My partner who is going to sponsor me a subclass 820 visa has already submitted the application Sponsorship for a partner to migrant to Australia. But I just see in my application there is also one place for him to upload Form 40SP Sponsorship for a partner to migrate to Australia, so I am puzzled, does it mean we still need to do that again?

Thank you very much for your always kind help


----------



## Ramah (Apr 25, 2017)

Tibs said:


> Hi mates,
> 
> I just have one question.
> 
> ...


I assume you applied online.

If your partner has completed an online application for sponsorship then there's no need to upload a paper copy


----------



## Tibs (Nov 6, 2017)

Ramah said:


> I assume you applied online.
> 
> If your partner has completed an online application for sponsorship then there's no need to upload a paper copy


Thank you for your lovely reply!


----------



## Ramah (Apr 25, 2017)

Tibs said:


> Thank you for your lovely reply!


You're welcome!

Best of luck with your application


----------



## Skybluebrewer (Jan 15, 2016)

The website under that visa explains it:

https://www.border.gov.au/Trav/Visa-1/801-#tab-content-1


----------



## ampk (Sep 21, 2013)

If our resident RMA CCMS is correct in the rumors, Form 40SP is now obsolete.


----------



## Ramah (Apr 25, 2017)

ampk said:


> If our resident RMA CCMS is correct in the rumors, Form 40SP is now obsolete.


Really?? Paper applications still exist though, don't they??

Or has the sponsor assessment before application been implemented now??


----------



## Skybluebrewer (Jan 15, 2016)

The website very clearly states instructions for online applications to have sponsors apply online and paper applications use the paper form.

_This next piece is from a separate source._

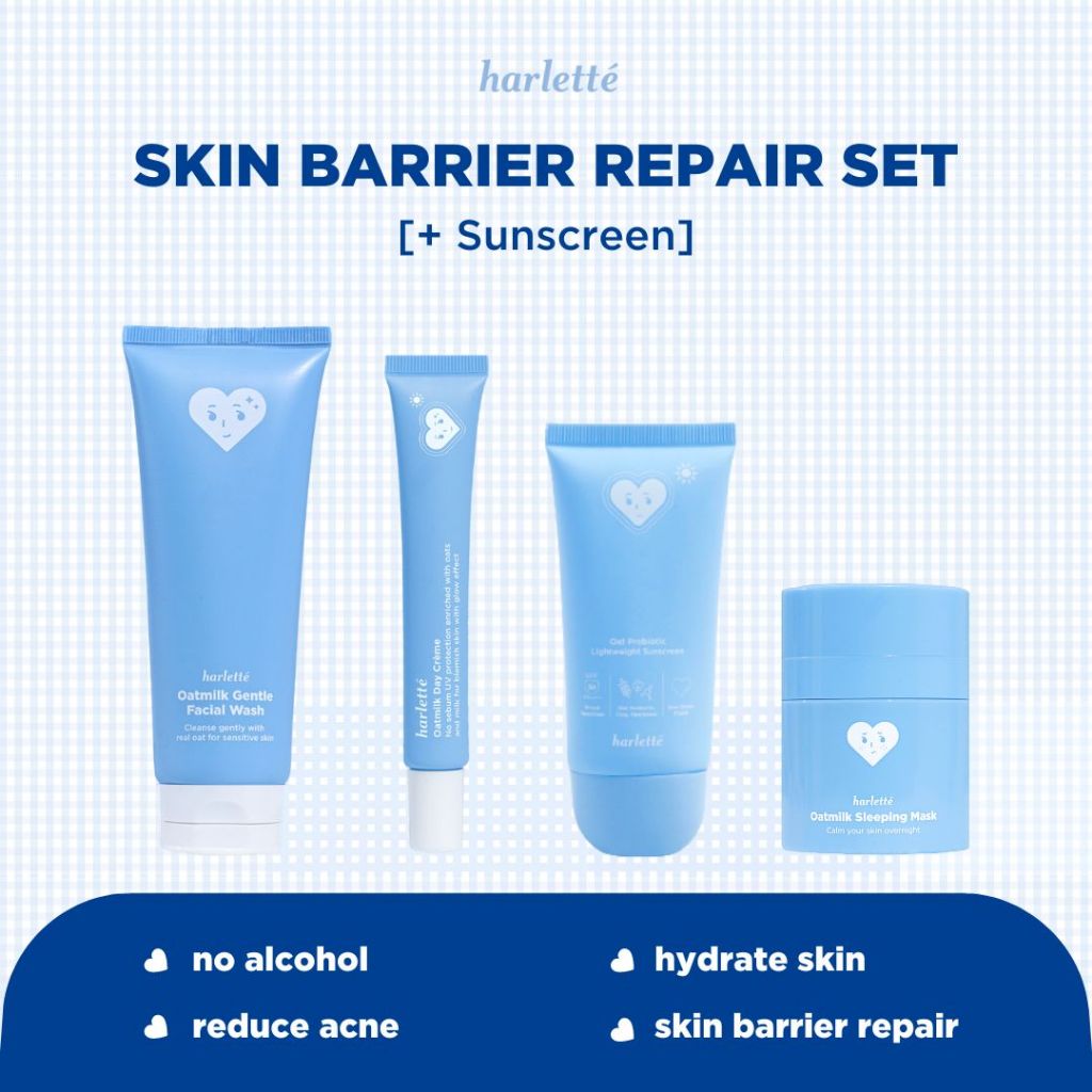 Harlette Oatmilk Bundle SUNSCREEN 4 PRODUK untuk Kulit Oily Kombinasi Dan Acne Prone Mencerahkan Bpom Terlaris

Wgat ampk if referencing is the word that they are trying to make it so you don't use the paper form for online apps. There was a thread recently somewhere mentioning it.


----------



## ampk (Sep 21, 2013)

Yes CCMS suggested that unconfirmed report/s among other things as of today - form 40 SP is obsolete and no more paper applications for Partner Visas.


----------



## ampk (Sep 21, 2013)

http://www.australiaforum.com/visas-immigration/252010-17-november-changes.html


----------



## Skybluebrewer (Jan 15, 2016)

It must be very annoying dealing with paper apps these days when the online system can be so much more efficient.


----------



## Ramah (Apr 25, 2017)

Thanks for that both, good to know 

In this day and age where most people have access to the internet, I'm not sure why some still use paper applications when the online application is an option for them.

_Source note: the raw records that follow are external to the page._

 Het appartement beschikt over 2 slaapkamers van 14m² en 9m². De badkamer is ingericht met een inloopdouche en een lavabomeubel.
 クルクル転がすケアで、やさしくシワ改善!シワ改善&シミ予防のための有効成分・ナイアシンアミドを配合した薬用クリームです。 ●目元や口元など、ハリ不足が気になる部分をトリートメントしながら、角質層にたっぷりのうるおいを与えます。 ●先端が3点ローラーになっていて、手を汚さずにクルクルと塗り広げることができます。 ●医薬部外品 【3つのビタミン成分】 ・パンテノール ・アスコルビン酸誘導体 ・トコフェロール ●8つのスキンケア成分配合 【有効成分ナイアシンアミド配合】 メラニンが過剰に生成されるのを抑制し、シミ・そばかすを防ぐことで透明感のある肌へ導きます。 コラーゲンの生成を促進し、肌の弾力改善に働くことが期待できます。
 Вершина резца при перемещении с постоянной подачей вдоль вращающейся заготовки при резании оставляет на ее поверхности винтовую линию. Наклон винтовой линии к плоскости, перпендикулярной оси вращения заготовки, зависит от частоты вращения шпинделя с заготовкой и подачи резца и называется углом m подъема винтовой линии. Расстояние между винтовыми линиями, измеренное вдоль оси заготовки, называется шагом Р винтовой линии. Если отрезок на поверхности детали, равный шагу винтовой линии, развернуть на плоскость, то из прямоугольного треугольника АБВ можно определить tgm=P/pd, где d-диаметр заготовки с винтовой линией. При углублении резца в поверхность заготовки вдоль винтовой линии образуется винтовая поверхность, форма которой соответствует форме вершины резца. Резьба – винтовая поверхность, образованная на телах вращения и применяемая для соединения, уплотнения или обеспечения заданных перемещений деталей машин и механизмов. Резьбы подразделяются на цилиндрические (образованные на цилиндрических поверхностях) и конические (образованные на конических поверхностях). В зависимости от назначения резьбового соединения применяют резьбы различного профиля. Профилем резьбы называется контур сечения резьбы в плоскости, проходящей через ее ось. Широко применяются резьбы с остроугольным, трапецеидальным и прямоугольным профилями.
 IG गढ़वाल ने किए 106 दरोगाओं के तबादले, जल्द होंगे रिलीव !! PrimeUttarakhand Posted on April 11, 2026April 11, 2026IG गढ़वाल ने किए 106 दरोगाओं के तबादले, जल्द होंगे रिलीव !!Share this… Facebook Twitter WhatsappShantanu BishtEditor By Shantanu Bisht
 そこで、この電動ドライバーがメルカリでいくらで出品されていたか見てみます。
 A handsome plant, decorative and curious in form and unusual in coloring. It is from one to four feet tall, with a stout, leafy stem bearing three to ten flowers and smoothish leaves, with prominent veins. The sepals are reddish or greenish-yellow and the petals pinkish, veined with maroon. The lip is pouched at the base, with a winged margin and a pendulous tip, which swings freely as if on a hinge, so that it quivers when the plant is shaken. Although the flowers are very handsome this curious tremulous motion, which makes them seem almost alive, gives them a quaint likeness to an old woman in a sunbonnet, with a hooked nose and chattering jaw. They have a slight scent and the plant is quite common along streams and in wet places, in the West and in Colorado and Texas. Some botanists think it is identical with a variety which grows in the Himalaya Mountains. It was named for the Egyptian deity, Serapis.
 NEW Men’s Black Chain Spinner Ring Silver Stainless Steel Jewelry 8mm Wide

It'll be interesting to see what changes do come into affect.


----------



## tijanaoc (Mar 13, 2017)

No more paper apps

http://www.australiaforum.com/visas-immigration/252954-partner-visa-changes-18-november-2017-a.html


----------



## al_ghazal (Nov 19, 2016)

Skybluebrewer said:


> It must be very annoying dealing with paper apps these days when the online system can be so much more efficient.

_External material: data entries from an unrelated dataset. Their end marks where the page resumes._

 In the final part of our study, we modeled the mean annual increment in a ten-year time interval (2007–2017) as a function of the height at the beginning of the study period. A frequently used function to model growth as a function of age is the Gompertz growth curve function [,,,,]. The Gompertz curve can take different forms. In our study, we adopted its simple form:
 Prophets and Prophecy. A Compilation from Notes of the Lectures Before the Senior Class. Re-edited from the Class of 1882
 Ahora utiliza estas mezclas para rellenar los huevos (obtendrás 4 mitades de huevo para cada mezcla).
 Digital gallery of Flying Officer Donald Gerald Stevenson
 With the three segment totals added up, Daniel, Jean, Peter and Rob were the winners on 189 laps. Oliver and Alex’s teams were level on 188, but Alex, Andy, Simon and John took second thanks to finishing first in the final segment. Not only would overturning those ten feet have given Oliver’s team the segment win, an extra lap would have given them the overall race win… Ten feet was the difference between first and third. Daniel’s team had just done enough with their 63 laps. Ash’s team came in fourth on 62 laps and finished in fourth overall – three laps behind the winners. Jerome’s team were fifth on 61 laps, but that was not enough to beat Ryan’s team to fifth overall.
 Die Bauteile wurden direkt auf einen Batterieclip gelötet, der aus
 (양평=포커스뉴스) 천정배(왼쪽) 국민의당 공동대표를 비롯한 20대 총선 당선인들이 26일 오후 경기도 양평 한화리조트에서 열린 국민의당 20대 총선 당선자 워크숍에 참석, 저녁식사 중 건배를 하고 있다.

You're being far too optimistic about how efficient the systems actually are ??


----------



## Ramah (Apr 25, 2017)

al_ghazal said:


> Skybluebrewer said:
> 
> 
> > It must be very annoying dealing with paper apps these days when the online system can be so much more efficient.
> ...


You don't think so?

I don't think Sky is saying it's the best system in the world but I agree that it's so much more efficient than paper applications.


----------